→ **TASK INPUT**:
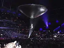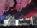 | Там буде добре використання відео.Ми будемо знаходитись на великих LED-конструкціях, тому ми всі будемо рухатися вгору і вниз на різних рівнях і грати досить високо в повітрі, що є тим, що ми ніколи не робили. Ми будемо на цих плаваючих кубиках відео *маніакально сміється*. Індивідуальні куби, все пересуватиметься навкруги. Вони схожі на масивні вежі, і їх три з великою кількістю відео.[...] Я думаю, ми зробимо кілька шоу, де шанувальники будуть навколо нас. Не в середині залу, але ми створили сцену таким чином, щоб натовп міг встати навколо нас. Кожен буде мати чудове поле зору і подивитися все шоу, навіть якщо сидітиме позаду нас, а не тільки потилиці. Там буде багато того, що обертається навколо і всяке таке. [...] Більшість наших ідей знищується з міркувань здоров'я і безпеки, і це починається набагато амбіційніше, ніж закінчується, але ми завжди намагаємося проштовхнути його до меж законів. Оригінальний текст (англ.) There's going to be some good video usage. We're going to be on some big moving LED structures, so we're all going to be moving up and down at different levels and actually playing quite high up in the air, which is something we've never done. We're going to be on these floating cubes of video *laughs maniacally*. Individual cubes, all like moving around. They're like massive towers and there's three of them with lots of video. [...] I think we're going to be doing a few shows where we're going to have fans all around us. Not in the middle of the room but we've designed the stage in a way so that the crowd can fit all around us. Everyone's going to have a great view and get the whole show, even if you're sitting behind us, not just the back of our heads. There's going to be lots of spinning around and stuff like that. [...] Most of our ideas get shot down by health and safety and it starts out much more ambitious than it ends up being but we're always trying to push it to the limits of the laws.[5] |
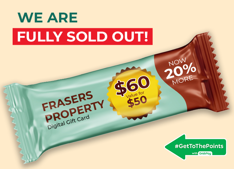 Get $48 in Frasers Property Digital Gift Cards on your first three orders with GrabPay!
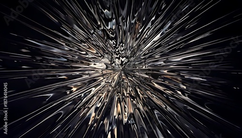 Obraz premium Abstract, dynamic visual. Radiant center, bursts outwards. Dark palette,...
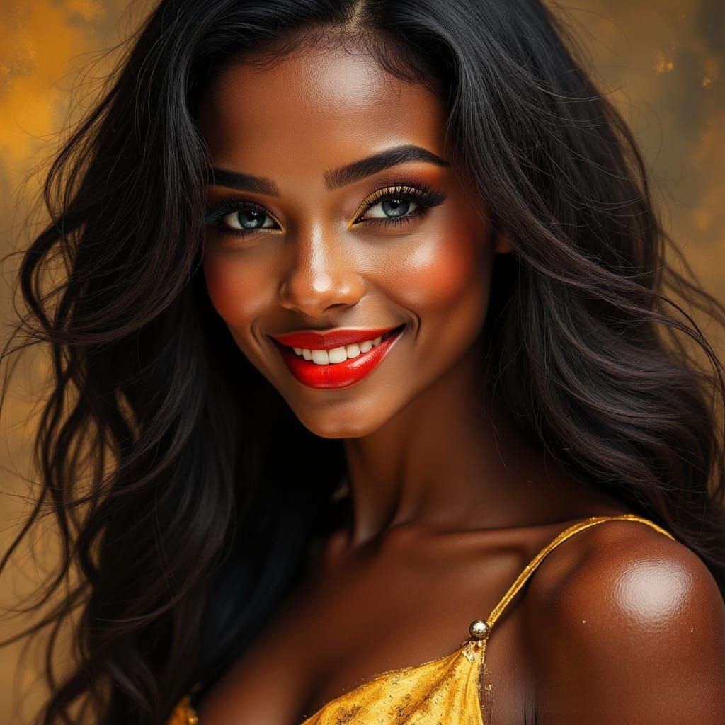 A close-up portrait of a smiling African Goddess with sun-kissed skin and mesmerizing blue eyes. Captured in a stunning studio photography style with soft lighting, reminiscent of Vogue editorials.
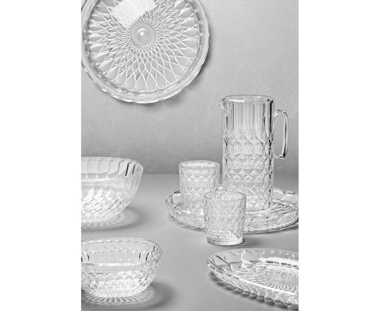 "Чаша Vanity от итальянского бренда Guzzini – необычная посуда из специального акрилового стекла, произведенного на биооснове из современного, органического сырья, которое получается из растительных отходов. Материал на 100%, подлежит вторичной переработке. За счет особенной рельефной поверхности предмет изящно переливается на свету, что делает его еще более привлекательным.
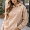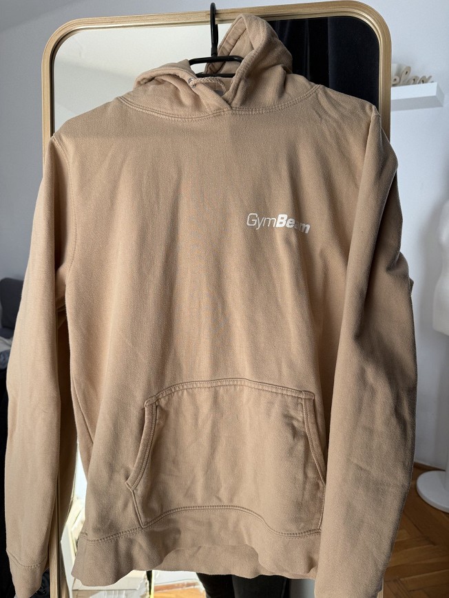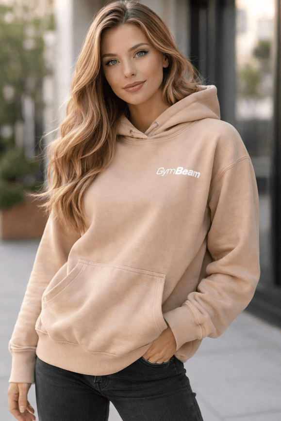 Bézs/nude színű, letisztult stílusú kapucnis pulóver, elején diszkrét GymBeam felirattal. Kényelmes, puha anyag, elöl kenguruzsebbel – tökéletes hétköznapi viselethez vagy sportos szettekhez.
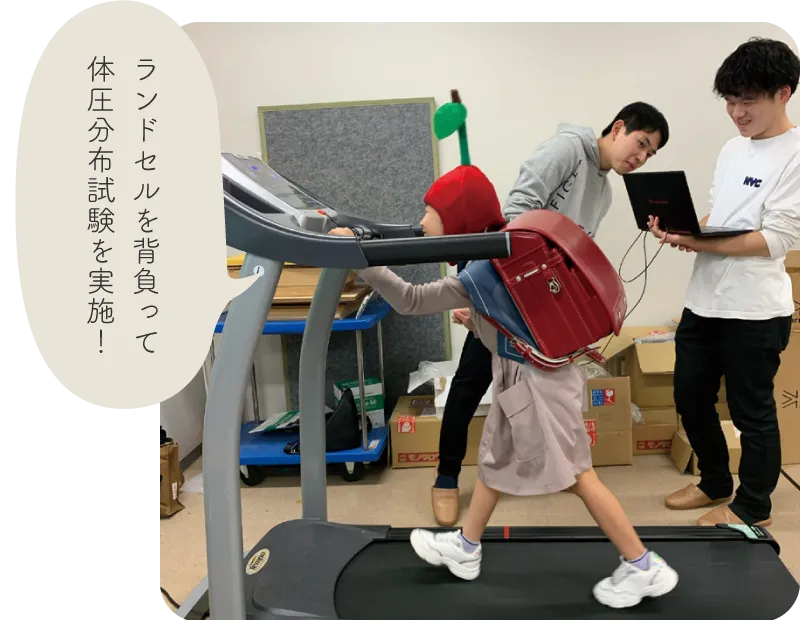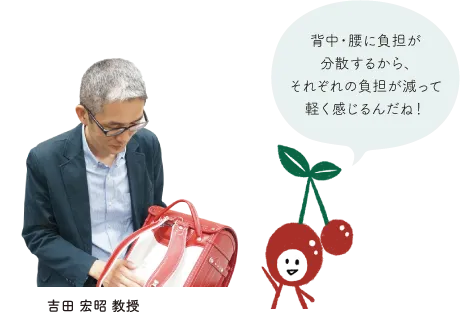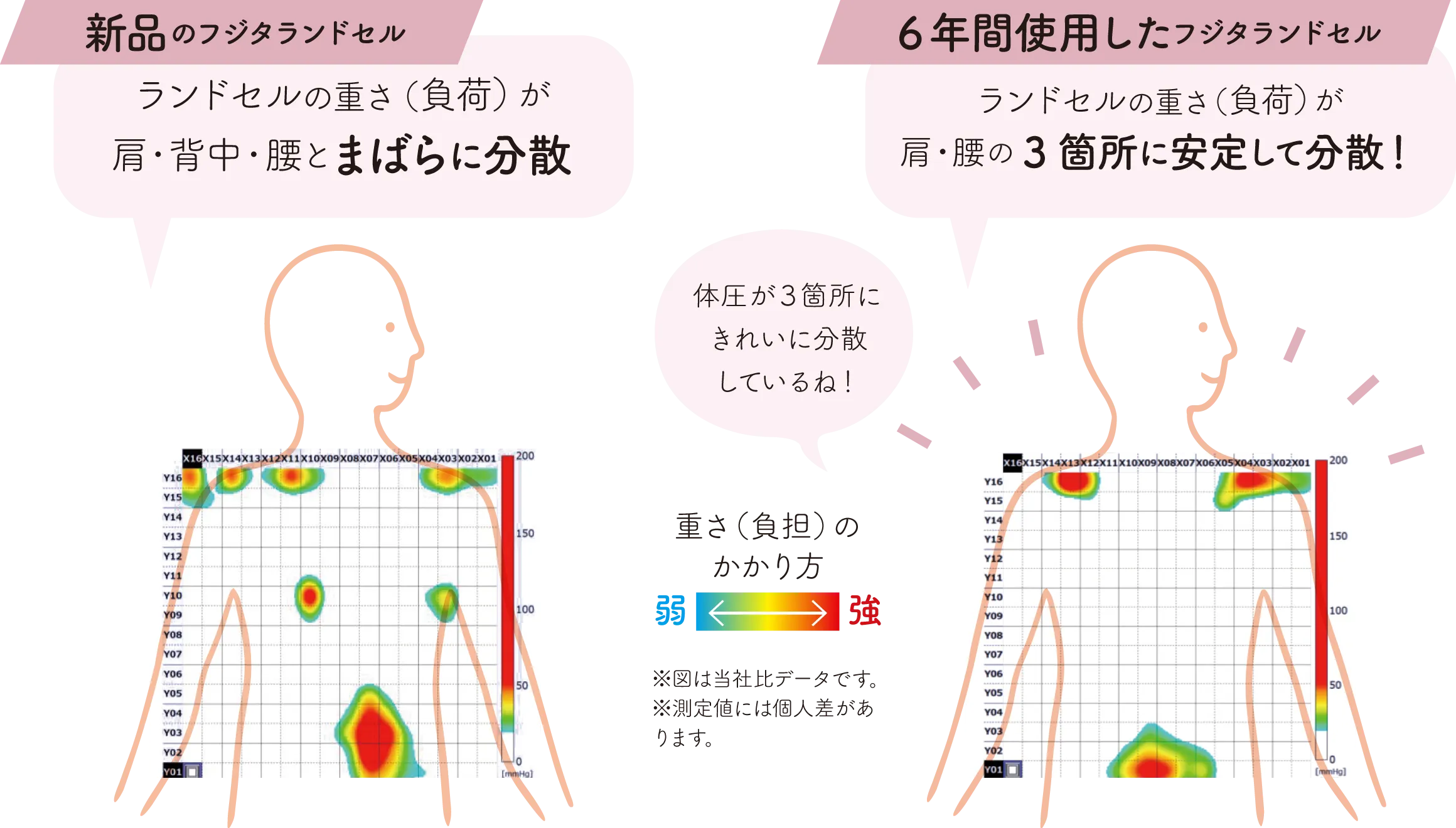 実際にフジタのランドセルを背負っている時、肩や背中や腰にかかる重さ(負荷)はどのようになっているのか、信州大学の吉田教授へ検証を依頼し「背負い心地」を見える化しました。
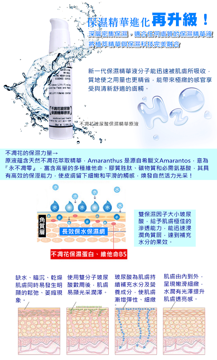 大分子玻尿酸、小分子玻尿酸、不凋花保濕蛋白、維他命B5、蘆薈萃取液、甜菜跟萃取、甘油
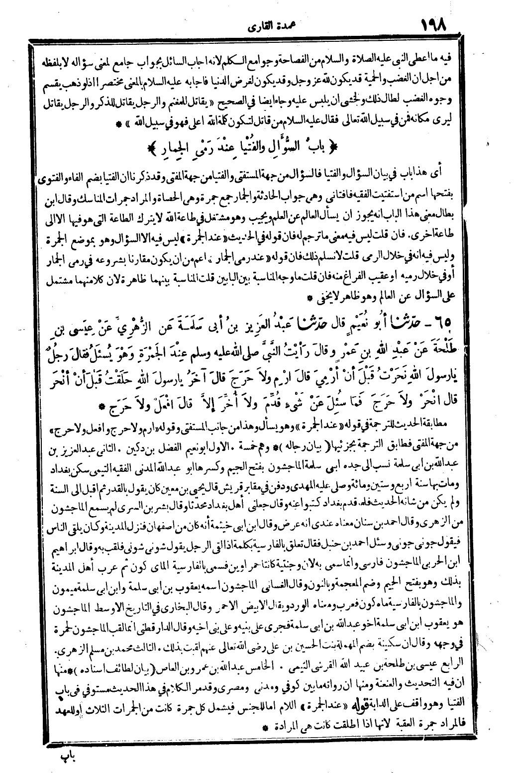 بَيَان رِجَاله: وهم خَمْسَة. الأول: أَبُو نعيم الْفضل بن دُكَيْن. الثَّانِي: عبد الْعَزِيز بن عبد الله بن أبي سَلمَة، نسب إِلَى جده أبي سَلمَة الْمَاجشون، بِفَتْح الْجِيم وَكسرهَا: أَبُو عبد الله الْمدنِي الْفَقِيه التَّيْمِيّ، سكن بَغْدَاد وَمَات بهَا سنة أَربع وَسِتِّينَ وَمِائَة، وَصلى عَلَيْهِ الْمهْدي وَدفن فِي مَقَابِر قُرَيْش. قَالَ يحيى بن معِين: كَانَ يَقُول بِالْقدرِ ثمَّ أقبل إِلَى السّنة وَلم يكن من شَأْنه الحَدِيث، فَلَمَّا قدم بَغْدَاد كتبُوا عَنهُ، وَقَالَ: جعلني أهل بَغْدَاد مُحدثا، وَقَالَ بشر بن السّري: لم يسمع الْمَاجشون من الزُّهْرِيّ، وَقَالَ أَحْمد بن سِنَان: مَعْنَاهُ عِنْدِي أَنه عرض. وَقَالَ ابْن أبي خَيْثَمَة: أَنه كَانَ من أصفهان فَنزل الْمَدِينَة، وَكَانَ يلقى النَّاس فَيَقُول: جَوْنِي جَوْنِي. وَسُئِلَ أَحْمد بن حَنْبَل، فَقَالَ: تعلق بِالْفَارِسِيَّةِ بِكَلِمَة إِذا لَقِي الرجل يَقُول: شوني شوني، فلقب بِهِ. وَقَالَ إِبْرَاهِيم الْحَرْبِيّ: الْمَاجشون فَارسي، وَإِنَّمَا سمي بِهِ لِأَن وجنتيه كَانَتَا حمراوين، فَسُمي بِالْفَارِسِيَّةِ: الماي كَون، ثمَّ عرب أهل الْمَدِينَة بذلك، وَهُوَ: بِفَتْح الْجِيم وَضم الْمُعْجَمَة وبالنون. وَقَالَ الغساني: الْمَاجشون اسْمه يَعْقُوب بن أبي سَلمَة، وَابْن أبي سَلمَة: مَيْمُون، والماجشون بِالْفَارِسِيَّةِ: ماه كَون، فعرب. وَمَعْنَاهُ الْورْد. وَيُقَال: الْأَبْيَض الْأَحْمَر. وَقَالَ البُخَارِيّ فِي (التَّارِيخ الْأَوْسَط) : الْمَاجشون هُوَ يَعْقُوب بن أبي سَلمَة أَخُو عبد الله بن أبي سَلمَة، فَجرى على بنيه وعَلى بني أَخِيه. وَقَالَ الدَّارَقُطْنِيّ: إِنَّمَا لقب الْمَاجشون لحمرة فِي وَجهه، وَقَالَ: إِن سكينَة، بِضَم الْمُهْملَة: بنت الْحُسَيْن بن عَليّ، رَضِي الله تَعَالَى عَنْهُم، لقبت بذلك. الثَّالِث: مُحَمَّد بن مُسلم الزُّهْرِيّ. الرَّابِع: عِيسَى بن طَلْحَة بن عبيد الله الْقرشِي التَّيْمِيّ. الْخَامِس: عبد الله بن عَمْرو بن الْعَاصِ.
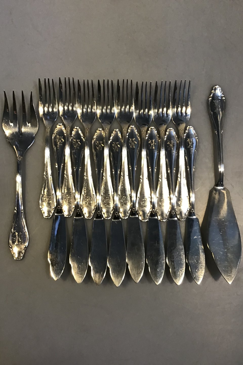 Tysk Plet Fiskebestik til 8 Pers samt Serveringsdele (Alle dele med gravering) Gaffel 18.3 cm Kniv 20.5cm Serveringsdele 21.5 og 25.5 cm
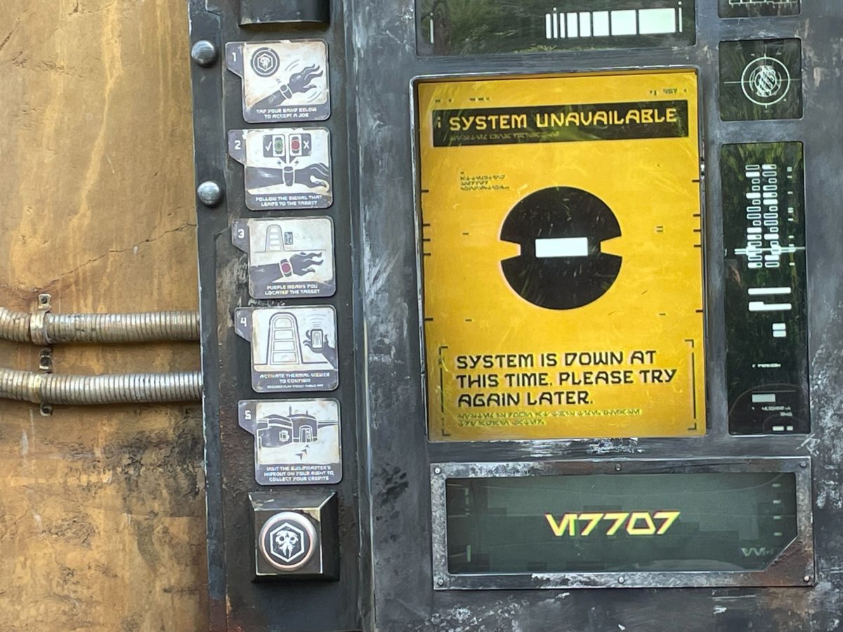 Right now, the screen reads “System Unavailable” and “System is down at this time, please try again later.” It flickers, but the image and words aren’t changing. The Aurubesh on the bottom reads “Error.”

→ **WHAT THE TASK REQUIRES**: Repeat, exactly and in full, all the material above except its pictures.

→ **RESULT OF THIS EXERCISE**:
 | Там буде добре використання відео.Ми будемо знаходитись на великих LED-конструкціях, тому ми всі будемо рухатися вгору і вниз на різних рівнях і грати досить високо в повітрі, що є тим, що ми ніколи не робили. Ми будемо на цих плаваючих кубиках відео *маніакально сміється*. Індивідуальні куби, все пересуватиметься навкруги. Вони схожі на масивні вежі, і їх три з великою кількістю відео.[...] Я думаю, ми зробимо кілька шоу, де шанувальники будуть навколо нас. Не в середині залу, але ми створили сцену таким чином, щоб натовп міг встати навколо нас. Кожен буде мати чудове поле зору і подивитися все шоу, навіть якщо сидітиме позаду нас, а не тільки потилиці. Там буде багато того, що обертається навколо і всяке таке. [...] Більшість наших ідей знищується з міркувань здоров'я і безпеки, і це починається набагато амбіційніше, ніж закінчується, але ми завжди намагаємося проштовхнути його до меж законів. Оригінальний текст (англ.) There's going to be some good video usage. We're going to be on some big moving LED structures, so we're all going to be moving up and down at different levels and actually playing quite high up in the air, which is something we've never done. We're going to be on these floating cubes of video *laughs maniacally*. Individual cubes, all like moving around. They're like massive towers and there's three of them with lots of video. [...] I think we're going to be doing a few shows where we're going to have fans all around us. Not in the middle of the room but we've designed the stage in a way so that the crowd can fit all around us. Everyone's going to have a great view and get the whole show, even if you're sitting behind us, not just the back of our heads. There's going to be lots of spinning around and stuff like that. [...] Most of our ideas get shot down by health and safety and it starts out much more ambitious than it ends up being but we're always trying to push it to the limits of the laws.[5] |
 Get $48 in Frasers Property Digital Gift Cards on your first three orders with GrabPay!
 Obraz premium Abstract, dynamic visual. Radiant center, bursts outwards. Dark palette,...
 A close-up portrait of a smiling African Goddess with sun-kissed skin and mesmerizing blue eyes. Captured in a stunning studio photography style with soft lighting, reminiscent of Vogue editorials.
 "Чаша Vanity от итальянского бренда Guzzini – необычная посуда из специального акрилового стекла, произведенного на биооснове из современного, органического сырья, которое получается из растительных отходов. Материал на 100%, подлежит вторичной переработке. За счет особенной рельефной поверхности предмет изящно переливается на свету, что делает его еще более привлекательным.
 Bézs/nude színű, letisztult stílusú kapucnis pulóver, elején diszkrét GymBeam felirattal. Kényelmes, puha anyag, elöl kenguruzsebbel – tökéletes hétköznapi viselethez vagy sportos szettekhez.
 実際にフジタのランドセルを背負っている時、肩や背中や腰にかかる重さ(負荷)はどのようになっているのか、信州大学の吉田教授へ検証を依頼し「背負い心地」を見える化しました。
 大分子玻尿酸、小分子玻尿酸、不凋花保濕蛋白、維他命B5、蘆薈萃取液、甜菜跟萃取、甘油
 بَيَان رِجَاله: وهم خَمْسَة. الأول: أَبُو نعيم الْفضل بن دُكَيْن. الثَّانِي: عبد الْعَزِيز بن عبد الله بن أبي سَلمَة، نسب إِلَى جده أبي سَلمَة الْمَاجشون، بِفَتْح الْجِيم وَكسرهَا: أَبُو عبد الله الْمدنِي الْفَقِيه التَّيْمِيّ، سكن بَغْدَاد وَمَات بهَا سنة أَربع وَسِتِّينَ وَمِائَة، وَصلى عَلَيْهِ الْمهْدي وَدفن فِي مَقَابِر قُرَيْش. قَالَ يحيى بن معِين: كَانَ يَقُول بِالْقدرِ ثمَّ أقبل إِلَى السّنة وَلم يكن من شَأْنه الحَدِيث، فَلَمَّا قدم بَغْدَاد كتبُوا عَنهُ، وَقَالَ: جعلني أهل بَغْدَاد مُحدثا، وَقَالَ بشر بن السّري: لم يسمع الْمَاجشون من الزُّهْرِيّ، وَقَالَ أَحْمد بن سِنَان: مَعْنَاهُ عِنْدِي أَنه عرض. وَقَالَ ابْن أبي خَيْثَمَة: أَنه كَانَ من أصفهان فَنزل الْمَدِينَة، وَكَانَ يلقى النَّاس فَيَقُول: جَوْنِي جَوْنِي. وَسُئِلَ أَحْمد بن حَنْبَل، فَقَالَ: تعلق بِالْفَارِسِيَّةِ بِكَلِمَة إِذا لَقِي الرجل يَقُول: شوني شوني، فلقب بِهِ. وَقَالَ إِبْرَاهِيم الْحَرْبِيّ: الْمَاجشون فَارسي، وَإِنَّمَا سمي بِهِ لِأَن وجنتيه كَانَتَا حمراوين، فَسُمي بِالْفَارِسِيَّةِ: الماي كَون، ثمَّ عرب أهل الْمَدِينَة بذلك، وَهُوَ: بِفَتْح الْجِيم وَضم الْمُعْجَمَة وبالنون. وَقَالَ الغساني: الْمَاجشون اسْمه يَعْقُوب بن أبي سَلمَة، وَابْن أبي سَلمَة: مَيْمُون، والماجشون بِالْفَارِسِيَّةِ: ماه كَون، فعرب. وَمَعْنَاهُ الْورْد. وَيُقَال: الْأَبْيَض الْأَحْمَر. وَقَالَ البُخَارِيّ فِي (التَّارِيخ الْأَوْسَط) : الْمَاجشون هُوَ يَعْقُوب بن أبي سَلمَة أَخُو عبد الله بن أبي سَلمَة، فَجرى على بنيه وعَلى بني أَخِيه. وَقَالَ الدَّارَقُطْنِيّ: إِنَّمَا لقب الْمَاجشون لحمرة فِي وَجهه، وَقَالَ: إِن سكينَة، بِضَم الْمُهْملَة: بنت الْحُسَيْن بن عَليّ، رَضِي الله تَعَالَى عَنْهُم، لقبت بذلك. الثَّالِث: مُحَمَّد بن مُسلم الزُّهْرِيّ. الرَّابِع: عِيسَى بن طَلْحَة بن عبيد الله الْقرشِي التَّيْمِيّ. الْخَامِس: عبد الله بن عَمْرو بن الْعَاصِ.
 Tysk Plet Fiskebestik til 8 Pers samt Serveringsdele (Alle dele med gravering) Gaffel 18.3 cm Kniv 20.5cm Serveringsdele 21.5 og 25.5 cm
 Right now, the screen reads “System Unavailable” and “System is down at this time, please try again later.” It flickers, but the image and words aren’t changing. The Aurubesh on the bottom reads “Error.”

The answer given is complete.